Could you output the whole listing exactly as it stands, minus any images?

**Collected material**
((
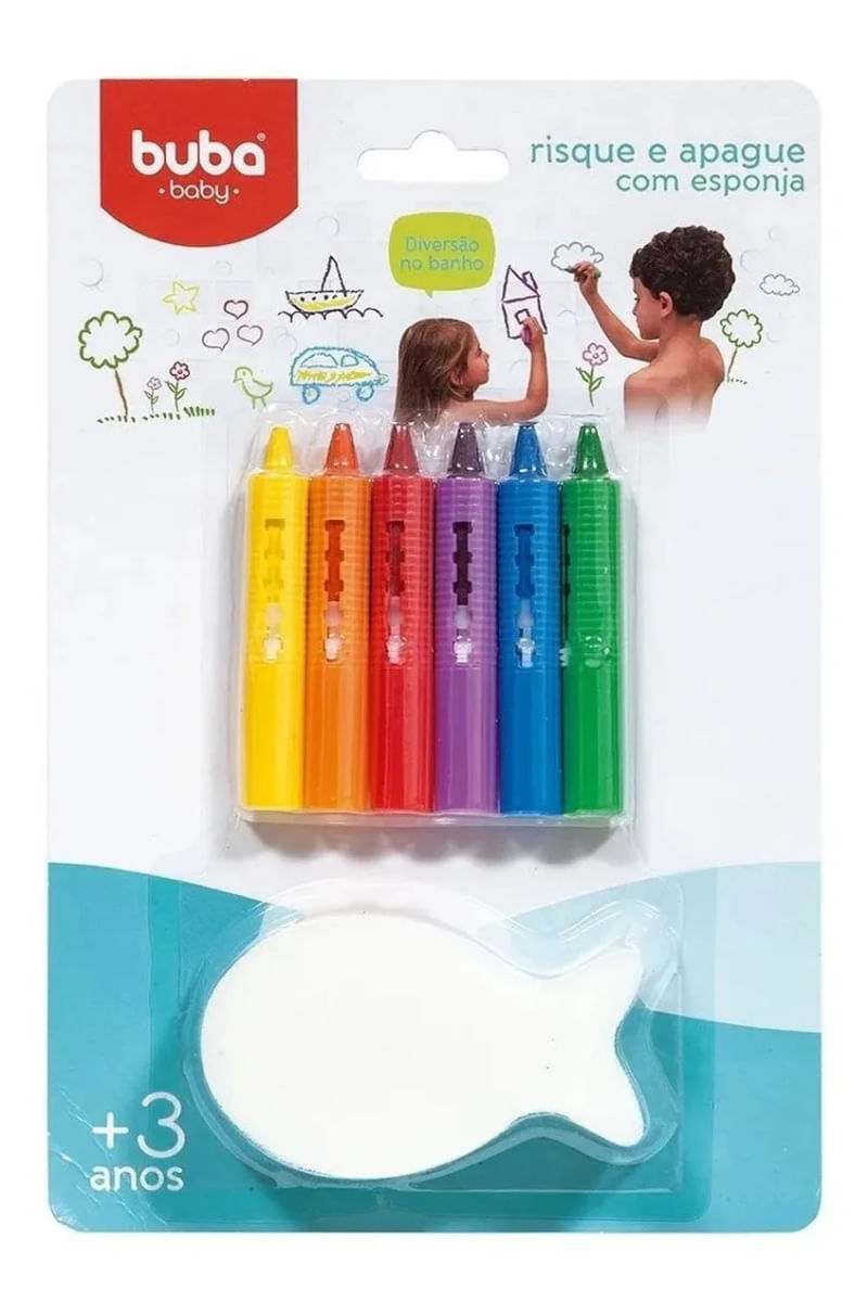 Contém - 6 giz para usar no banho e esponja em formato de peixinho
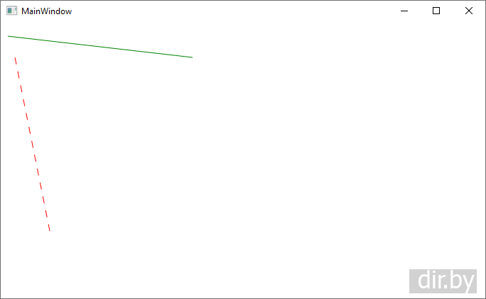 <Line X1="20" Y1="50" X2="70" Y2="300" Stroke="Red" StrokeDashArray="10 10" />
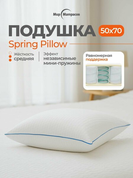Бренд Подушки Spring Pillow изменён с Askona на Мир Матрасов. Наименование бренда этого товара изменено с Askona на Мир Матрасов согласно политике компании о разделении продукции для маркетплейсов и собственных магазинов. Торговый знак Мир Матрасов принадлежит ООО "Торговый Дом Аскона". Продукция выпускается на том же предприятии и из тех же материалов, что и ранее. Вам может быть доставлен продукт как с логотипом Askona, так и с новым логотипом Мир Матрасов, т. к. на складах все еще много продукции, произведенной до изменения бренда. Подушка Spring Pillow с пружинным блоком в основе обеспечивает мягкую равномерную поддержку во время сна. Каждая пружина находится в отдельном мешочке и гибко реагирует на малейшее движение, обеспечивая комфорт и поддержку в любой позе. Она также обладает расслабляющим эффектом и сохраняет поддерживающие свойства благодаря пружинному блоку. Эта подушка подходит для любого положения тела во время сна.
))
**Answer to the problem**
 Contém - 6 giz para usar no banho e esponja em formato de peixinho
 <Line X1="20" Y1="50" X2="70" Y2="300" Stroke="Red" StrokeDashArray="10 10" />
Бренд Подушки Spring Pillow изменён с Askona на Мир Матрасов. Наименование бренда этого товара изменено с Askona на Мир Матрасов согласно политике компании о разделении продукции для маркетплейсов и собственных магазинов. Торговый знак Мир Матрасов принадлежит ООО "Торговый Дом Аскона". Продукция выпускается на том же предприятии и из тех же материалов, что и ранее. Вам может быть доставлен продукт как с логотипом Askona, так и с новым логотипом Мир Матрасов, т. к. на складах все еще много продукции, произведенной до изменения бренда. Подушка Spring Pillow с пружинным блоком в основе обеспечивает мягкую равномерную поддержку во время сна. Каждая пружина находится в отдельном мешочке и гибко реагирует на малейшее движение, обеспечивая комфорт и поддержку в любой позе. Она также обладает расслабляющим эффектом и сохраняет поддерживающие свойства благодаря пружинному блоку. Эта подушка подходит для любого положения тела во время сна.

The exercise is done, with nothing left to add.